Let's use a small model that is good at structured formats and reasoning called Phi-3-Mini. We can use Kalosm to generate and stream the text locally:

// Create a new model. We are using the Phi-3 model which is small and focused on reasoning tasks.
let model = Llama::phi_3()
    .await
    .unwrap();

// Create a task that generates text for a character
let task = Task::builder("You generate data in a JSON format").build();

// Run the task
let mut result = task.run(r#"Generate a character with this format: { "name": string, "description": string, "metadata": { "age": number, "height_cm": number, "weight_kg": number, "hair_color": string, "eye_color": string } }"#, &model);

// Stream the text into stdout
result.to_std_out().await.unwrap();

Running the program sometimes generates valid JSON with reasonable data:

{
  "name": "Michael Thompson",
  "description": "A dedicated software developer with a passion for coding and innovation. Known amongst friends to be an avid reader, particularly of science fiction novels.",
  "metadata": {
    "age": 29,
    "height_cm": 180,
    "weight_kg": 75,
    "hair_color": "dark brown",
    "eye_color": "blue"
  }
}

But other times, it generates nonsense:

{
   "name":"Emily Thompson",
    "description":"A talented graphic designer with an eye-catching style. Emily is known to be creative, friendly and dedicated at her job.",
     "metadata": { 
         "age":28,
          "height":165,"cm" :94,
           "weight":"60","kg",
            "hair_color":"blonde",
             "eye_color":"blue" }  
}

","kg",? That doesn't look right... Ok, so just asking nicely isn't enough. The LLM knows something about the structure of JSON, but it isn't consistent enough to generate valid JSON every time.

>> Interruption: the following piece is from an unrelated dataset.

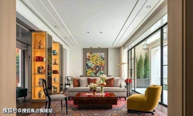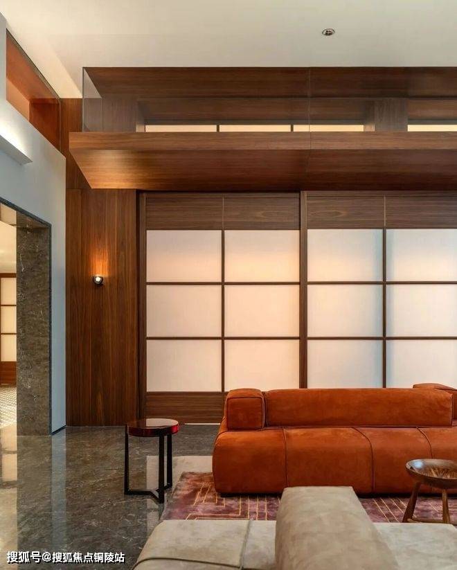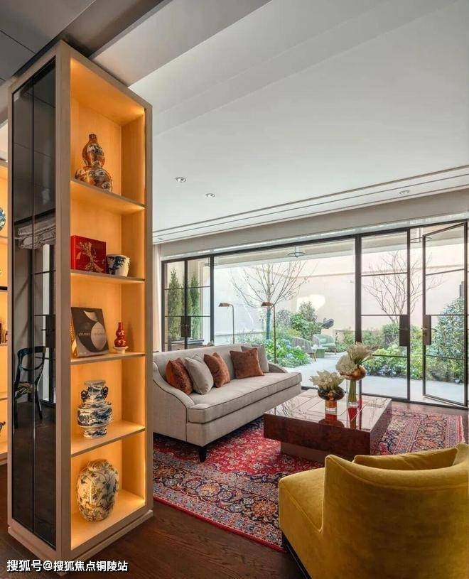 在客厅中,两个展示架巧妙地将空间分隔成主客厅区和休闲室,营造出一个与建筑尺度交相辉映的层次空间。
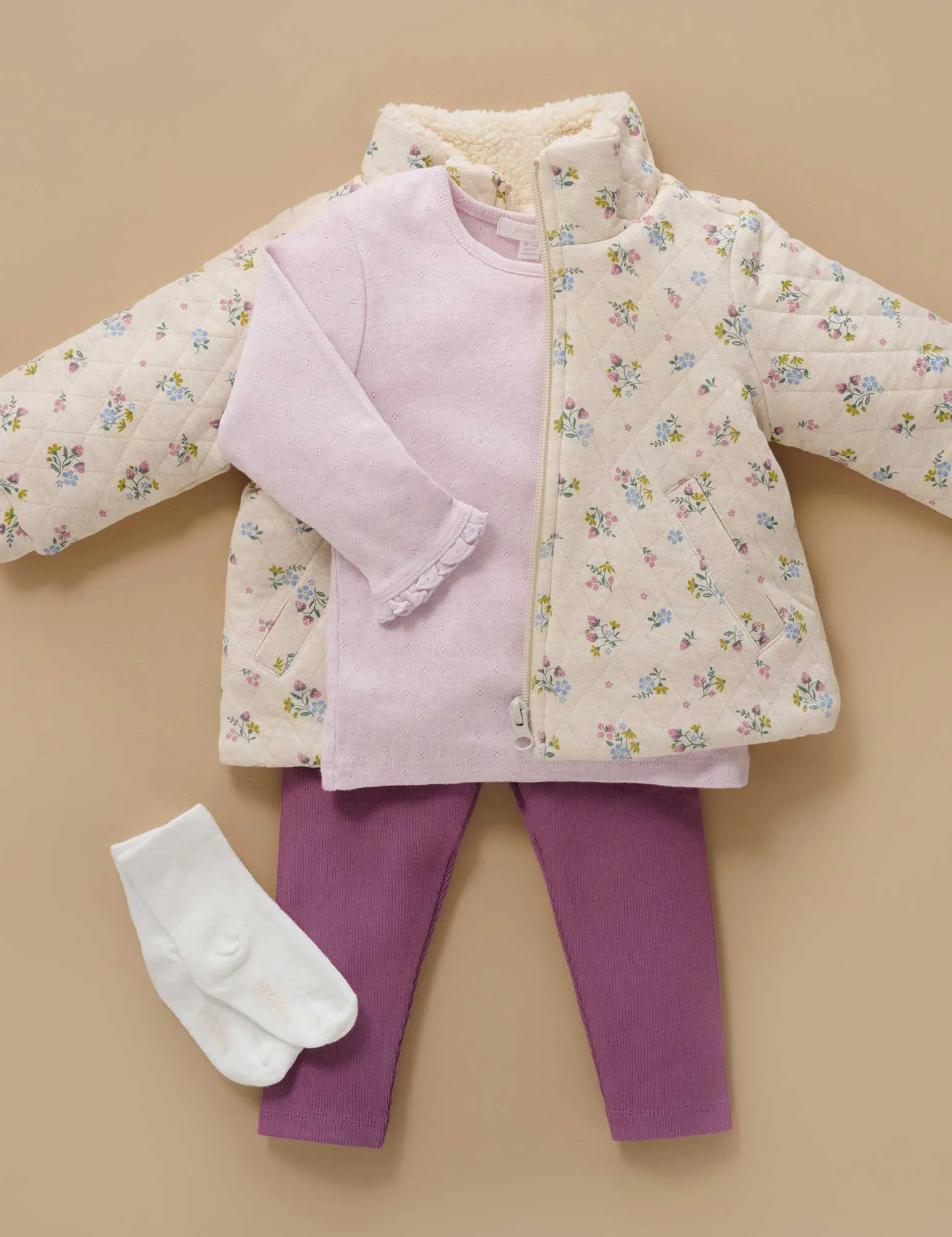 The Quilted Jacket from Purebaby is a cosy layering piece, made in their popular quilted, wadded fabric. Featuring a funnel neck collar, this jacket is fully lined in soft, faux shearling. Layer over tees, and pair with track pants or leggings for a cute, casual look.

We need some way of controlling what the LLM generates to guide it towards our format.

Token Generation

Before we start controlling the output of a language model, lets look at how exactly text generation works. LLM sees text in chunks called tokens. On average, each token is about 2/3 of a word, but depending on the word, it could be the entire word or a single character.

Let's take a look at what tokens look like from the perspective of the LLM. You can see what previous tokens the LLM has seen at the bottom of the visualization and a few of the next possible tokens on the right:

To generate text, LLMs assign a probability to each token and pick a token with a high probability. Picking a token from the list of probabilities is called sampling.

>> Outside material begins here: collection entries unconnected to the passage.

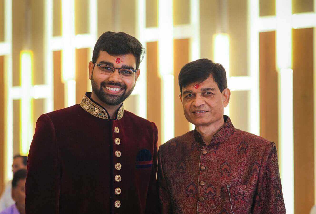 Одеяния для торжественного повода жениха выглядят не менее изящно и красиво, чем платье невесты. Удлиненный, с вышивкой нарядный сюртук шервани он одевает с узкими в тон штанами чириданами. Туфли джути расшивают бисером обычно они с поднятыми вверх носами. Тюрбан пагди тоже особого кроя, он может украшаться подвесками из цветов и бусин.
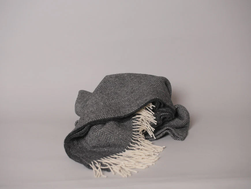 Produit : Nouveau chez Storie, de magnifiques couvertures sont fabriquées à partir de surplus de fils de laine fine restants des collections saisonnières d’une de nos filatures de laine irlandaises préférées.
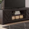 This TV stand with electric fireplace embraces a classically charming aesthetic and repurposes it for modern living. Its dark charcoal finish appeals to your love of vintage character, while a chic chevron pattern is effortlessly on trend. Media accessories stay tucked away in style thanks to hidden storage behind the doors. And for added ambiance, the electric fireplace brings a cozy-cool vibe to your living room. With the touch of a button, activate the LED-lit flame and adjust the temperature or the flame brightness. The flame effect includes multiple color options and a realistic-looking faux birch log set.
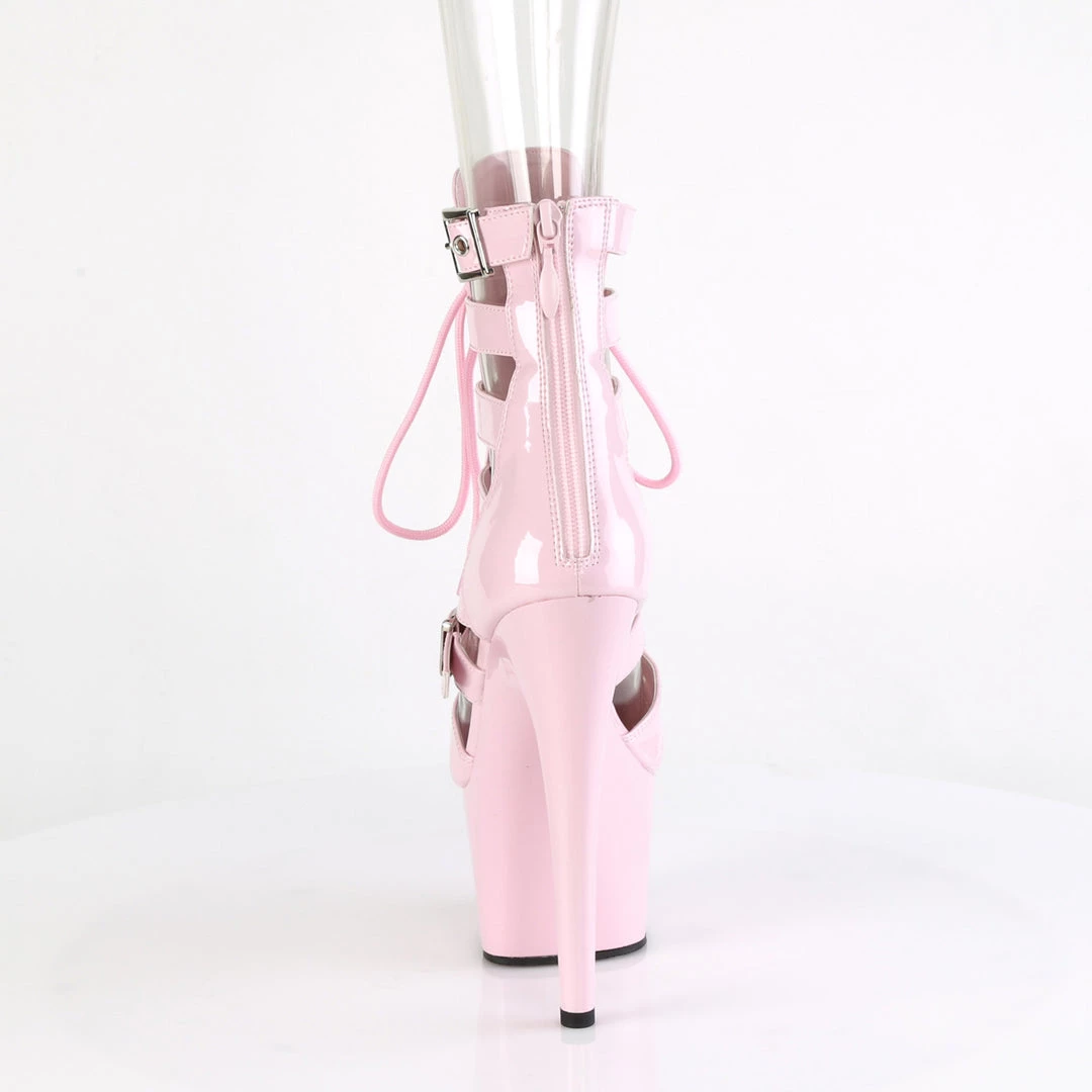 Details: 7 Inch Heel, 2 3/4 Inch Plaform Strappy Lace-Up Cage Bootie, Back Zip.

We need to control that sampling process to change influence the token our LLM picks after it assigns a probability to each token. Instead of choosing the most likely token, we can look for only tokens that fit our format.

Defining the Format

To find tokens that fit our format, we need a parser that:

Incrementally parses new text in a way we can roll back. If the current tokens are {"age": we need to be able to try adding a and if it fails, roll back to {"age". If our current text is long, our parser shouldn't need to re-parse the entire history for every one of the ~128,000 possible new tokens
Fails immediately if a new token is invalid. We need to validate every token individually so we don't waste time generating a sequence of tokens and then walking back once we realize it's invalid

Regular Expressions are very well suited for this task. We can compute regular expressions with a finite state machine. Simple regular expressions can be represented with a lookup table which makes storing states and adding characters very cheap.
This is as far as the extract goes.